Moderately hypofractionated salvage radiotherapy in patients with biochemical recurrence of prostate cancer after prostatectomy: long-term results and comparative analysis of two schedules.

Hypofractionation in salvage radiotherapy (HSRT) for biochemical recurrence of prostatic cancer after prostatectomy is a debated issue and at present, it should be considered purely investigational because of the lack of evidence supporting its use. In this study, we report the outcomes of patients presenting with biochemical recurrence after radical prostatectomy who received HSRT. The additional aim of this study is to compare two moderately HSRT schedules. Patients treated to prostate bed with daily Image Guided-VMAT and a total dose of 65 Gy/26 fractions (Group A) or 66 Gy/30 fractions (Group B) were included in the study. Inclusion criteria were: pN0/pNx, pre-HSRT PSA ≥0.2 ng/ml and ≤1 ng/ml, no evidence of pelvic/extrapelvic disease at restaging, no pelvic irradiation or dose boost on macroscopic local recurrence, no neoadjuvant/concomitant Androgen Deprivation Therapy (ADT), follow-up ≥36 months, and available pre/post HSRT data. Genitourinary (GU) and gastrointestinal (GI) toxicities, early and late, were assessed using CTCAE Vers. 5.0. One hundred patients were retrospectively identified to 50 in each group. Median follow-up was 59 months. All patients completed the prescribed HSRT. 5-year biochemical failure-free survival, local control, distant relapse-free survival, and ADT- free survival were 52.1%, 85.9%, 63.7%, and 73.2%, respectively. No significant differences in these outcomes were found between the two groups.
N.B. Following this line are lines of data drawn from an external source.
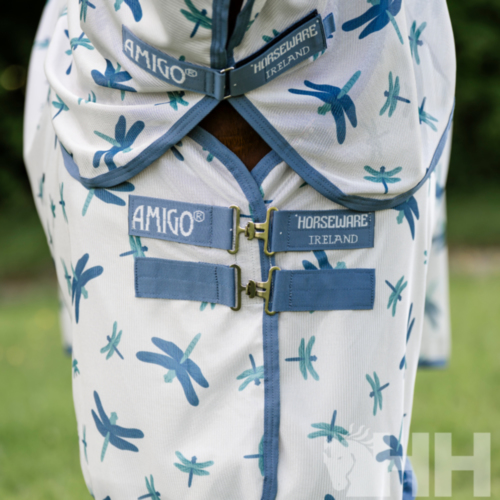 Manta realizada en poliéster ultra transpirable para proteger al caballo de todo tipo de insectos. Incorpora capucha para el cuello y el sistema patentado de diseño en arco para la posición de las manos del caballo y que éste pueda moverse con total libertad. Colores brillantes con propiedades que reflejan el sol, además de una divertida opción de estampado de libélulas.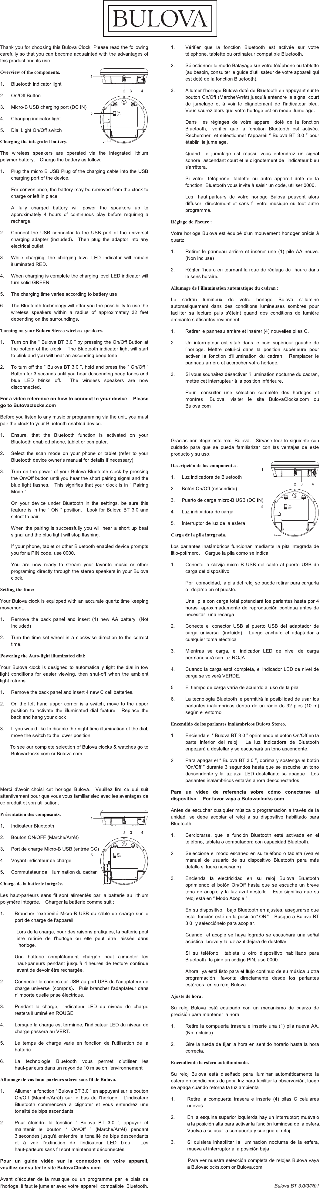 Uni rich Technology UR881 Bulova Clock with Bluetooth Speaker User Manual 3 language Bulova BT 3 0 3 R01 2016 12 21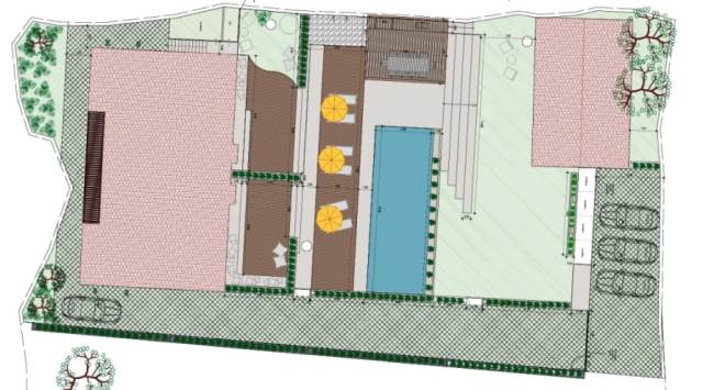 地块内已建成一栋两层石屋,总面积239.20平方米(每层119.60平方米),与周边自然环境和建筑环境完美融合。该房产还拥有地下空间,内设锅炉房、储藏室、车库以及户外区域。此外,还计划建造一个游泳池,这将提升住宿质量和旅游价值。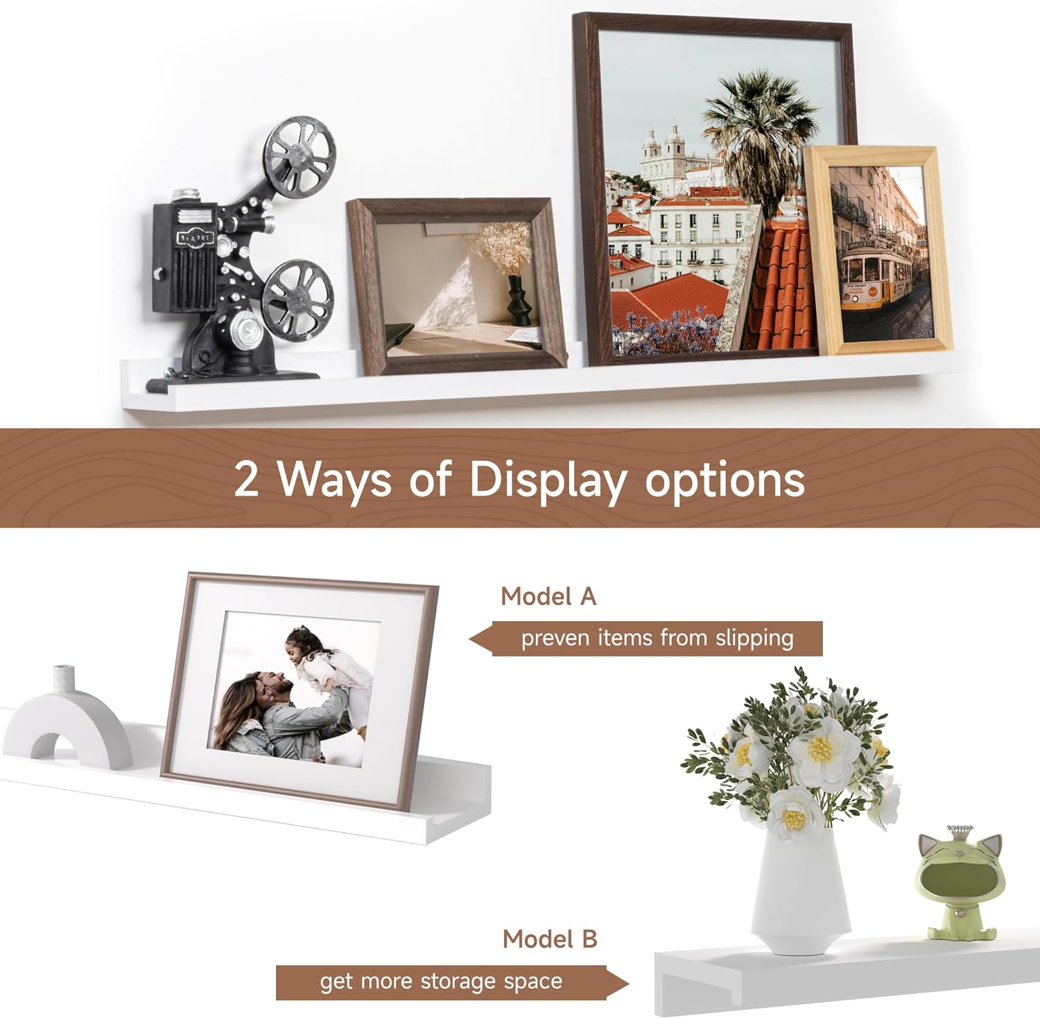 - MEMORIES SHOWCASE SHELF: Do you have a lot of memorable photos, but don't know how to display them, Fun Memories picture ledge shelves (especially in large sizes) are perfect for you to display them! With our hanging racks, you can store and display different types and sizes of photo frames in one place without worrying about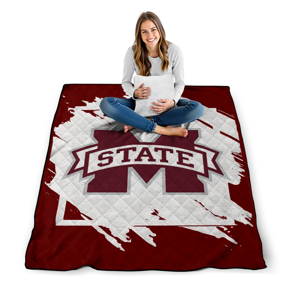 Mississippi State Bulldogs Block Border Maroon Quilt Blanket

On multivariate analysis, a hypofractionation schedule was not associated with any outcome, but ISUP score ≥ 4 and pre-HSRT PSA were associated with worse biochemical failure-free survival while only ISUP score ≥ 4 was associated with worse distant relapse-free survival. No Grade 3 GU/GI acute event was reported; 6 (6%) and 2 (2%) patients experienced late Grade ≥ 2 GU and GI events, respectively. No difference was found between the two groups neither in acute nor in late GU/GI toxicities. Our findings demonstrate that HSRT is feasible, effective, and safe. Our analysis did not show any significant difference between the two hypofractionated schedules. Further studies and randomized controlled trials are required in order to confirm these results and to identify the optimal hypofractionated schedule in the salvage setting.